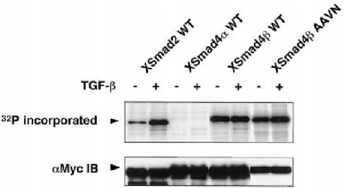 mutated version of XSmad4b (AAVN). Cells were metabolically labeled
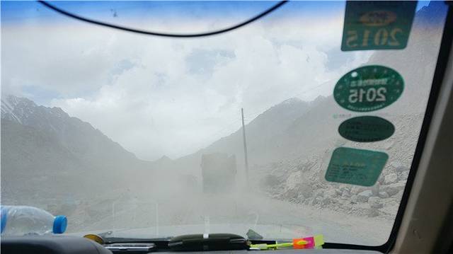 从喀什到塔县,正在修路,路况非常不好,跟在大车后面,一路吃灰,最坑爹的是我们去喀什的路上出的事故把雨刮给弄坏了,真是一路摸爬滚打的走完了这段破路!
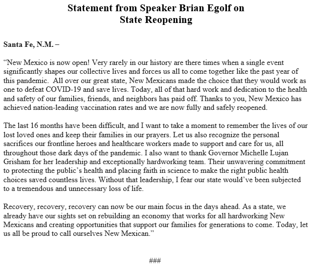 New Mexico is now fully and safely reopened!
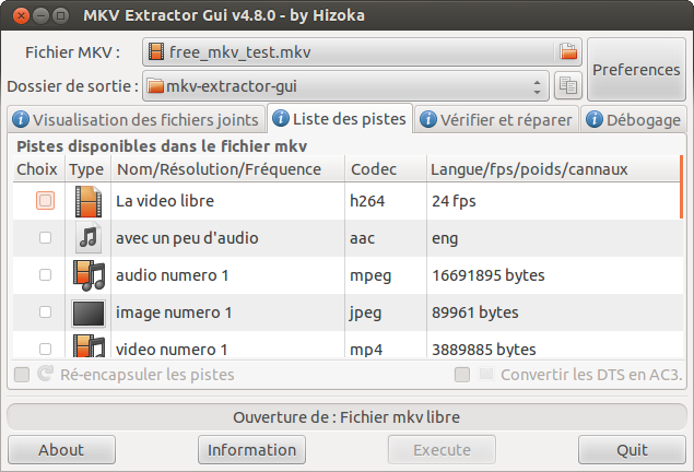 Il est possible de ré-encapsuler des fichiers mkv en repartant des pistes extraites en cochant la case correspondante.
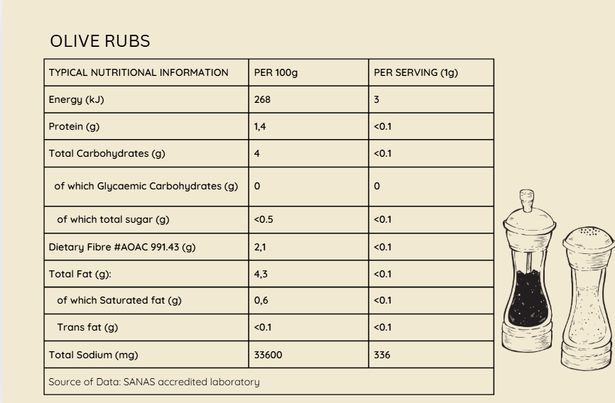 Recipes & Nutritional value: Rubs & Sundried Olives
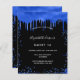 A girly and trendy Sweet 16, 16th birthday party invitation. On front: A chic black background. Decorated with royal blue faux glitter drips, paint dripping look. Personalize and add a name and party details. The name is written with a hand lettered style script.
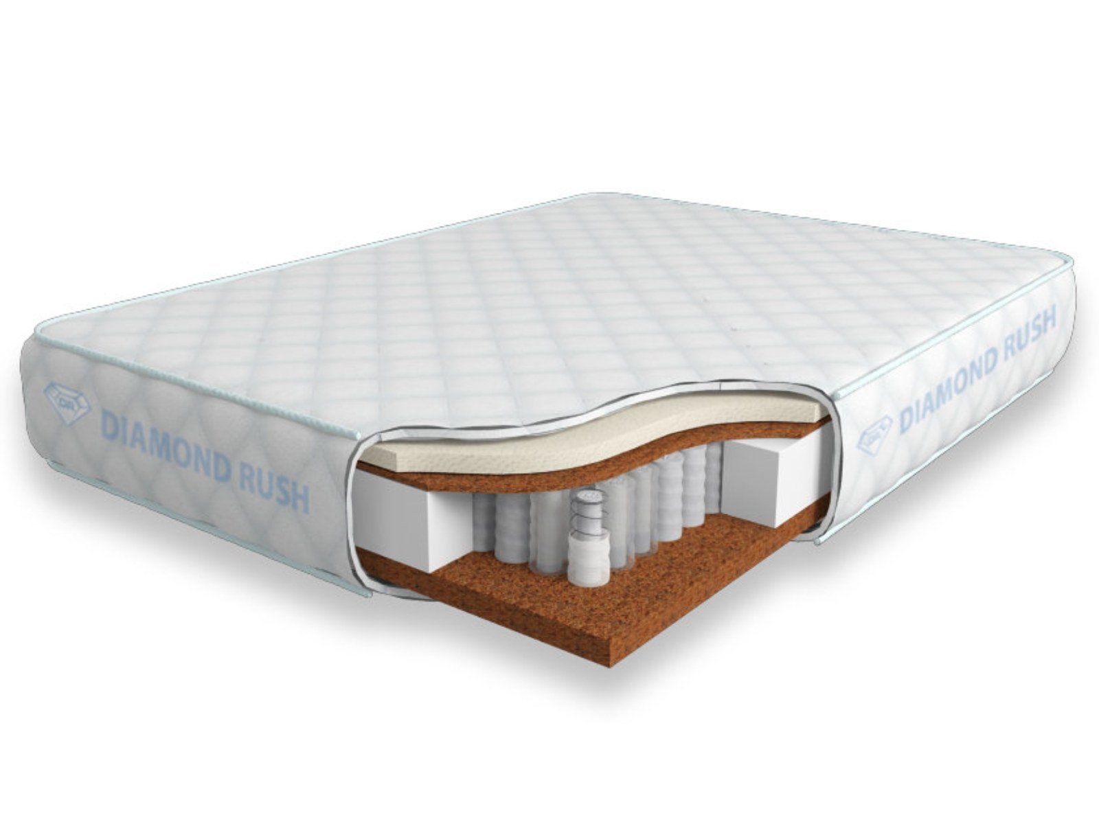 Матрас Diamond Rush Mix Cocos DP LD имеет в своей основе независимый пружинный блок DP, состоящий из сдвоенных пружин диаметром 3-4 и 5-6 см. В качестве настилочных слоев поверх пружинного блока используются износостойкий искусственный латекс, а также латексированная кокосовая койра. Матрас относится к разносторонним, так как с одной стороны имеет среднюю жесткость, а с другой является жестким.
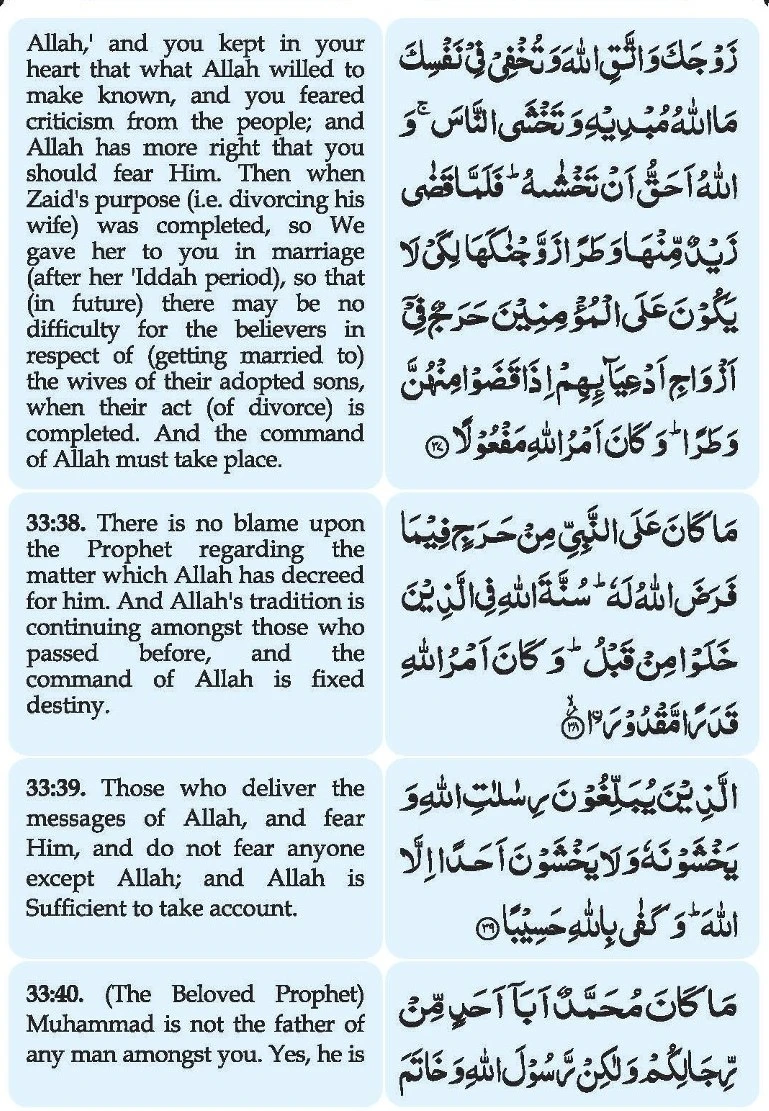 37. Wa Iz Taqoolu Lillazeee An’amal Laahu ‘Alaihi Wa An’amta ‘Alaihi Amsik ‘Alaika Zawjaka Wattaqil Laaha Wa Tukhfee Fee Nafsika Mal Laahu Mubdeehi Wa Takhshan Naasa Wallaahu Ahaqqu An Takhshaah; Falammaa Qadaa Zaidum Minhaa Wataran Zawwajnaa Kahaa Likay Laa Yakoona ‘Alal Mu’mineena Harajun Feee Azwaaji Ad’iyaaa’ihim Izaa Qadaw Minhunna Wataraa; Wa Kaana Amrul Laahi Maf’oolaa
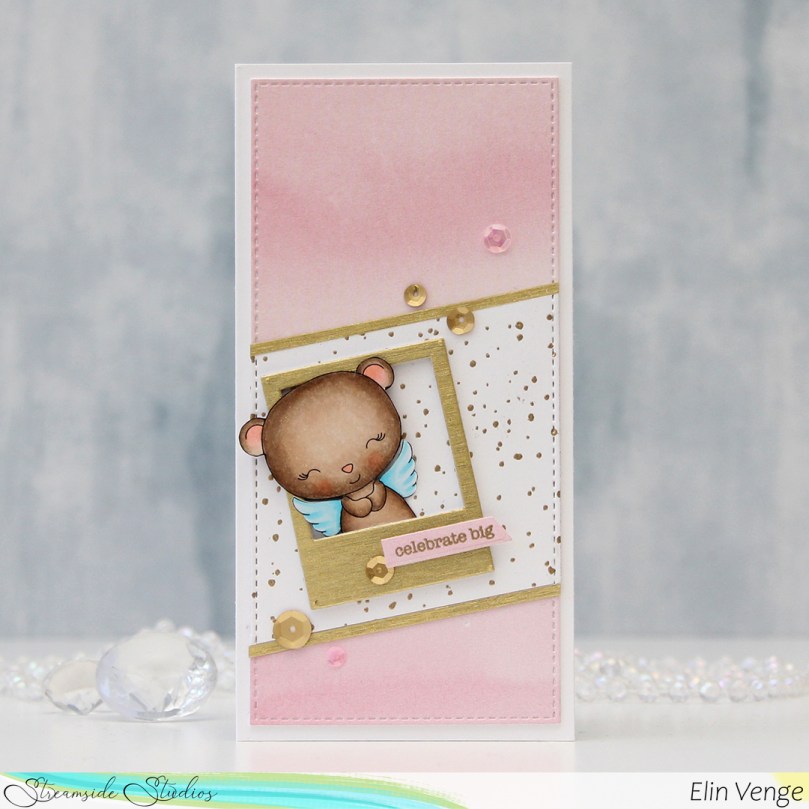 I colored the bear quickly with Copics, fussy cut and put the image aside while I worked on the rest of my card.
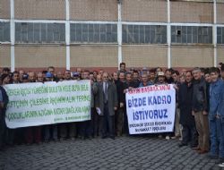 ERZURUM (İHA) - Erzurum şeker Fabrikasında çalışan mevsimlik işçiler, fabrika binası önünde toplanarak, ellerindeki pankartlarla kadro isteklerini dile getirdiler.

——

### [TASK OBJECTIVE]
Everything in the records that precede this task must be written out again exactly, except the pictures.

### [WRITTEN RESPONSE]
 mutated version of XSmad4b (AAVN). Cells were metabolically labeled
 从喀什到塔县,正在修路,路况非常不好,跟在大车后面,一路吃灰,最坑爹的是我们去喀什的路上出的事故把雨刮给弄坏了,真是一路摸爬滚打的走完了这段破路!
 New Mexico is now fully and safely reopened!
 Il est possible de ré-encapsuler des fichiers mkv en repartant des pistes extraites en cochant la case correspondante.
 Recipes & Nutritional value: Rubs & Sundried Olives
 A girly and trendy Sweet 16, 16th birthday party invitation. On front: A chic black background. Decorated with royal blue faux glitter drips, paint dripping look. Personalize and add a name and party details. The name is written with a hand lettered style script.
 Матрас Diamond Rush Mix Cocos DP LD имеет в своей основе независимый пружинный блок DP, состоящий из сдвоенных пружин диаметром 3-4 и 5-6 см. В качестве настилочных слоев поверх пружинного блока используются износостойкий искусственный латекс, а также латексированная кокосовая койра. Матрас относится к разносторонним, так как с одной стороны имеет среднюю жесткость, а с другой является жестким.
 37. Wa Iz Taqoolu Lillazeee An’amal Laahu ‘Alaihi Wa An’amta ‘Alaihi Amsik ‘Alaika Zawjaka Wattaqil Laaha Wa Tukhfee Fee Nafsika Mal Laahu Mubdeehi Wa Takhshan Naasa Wallaahu Ahaqqu An Takhshaah; Falammaa Qadaa Zaidum Minhaa Wataran Zawwajnaa Kahaa Likay Laa Yakoona ‘Alal Mu’mineena Harajun Feee Azwaaji Ad’iyaaa’ihim Izaa Qadaw Minhunna Wataraa; Wa Kaana Amrul Laahi Maf’oolaa
 I colored the bear quickly with Copics, fussy cut and put the image aside while I worked on the rest of my card.
 ERZURUM (İHA) - Erzurum şeker Fabrikasında çalışan mevsimlik işçiler, fabrika binası önünde toplanarak, ellerindeki pankartlarla kadro isteklerini dile getirdiler.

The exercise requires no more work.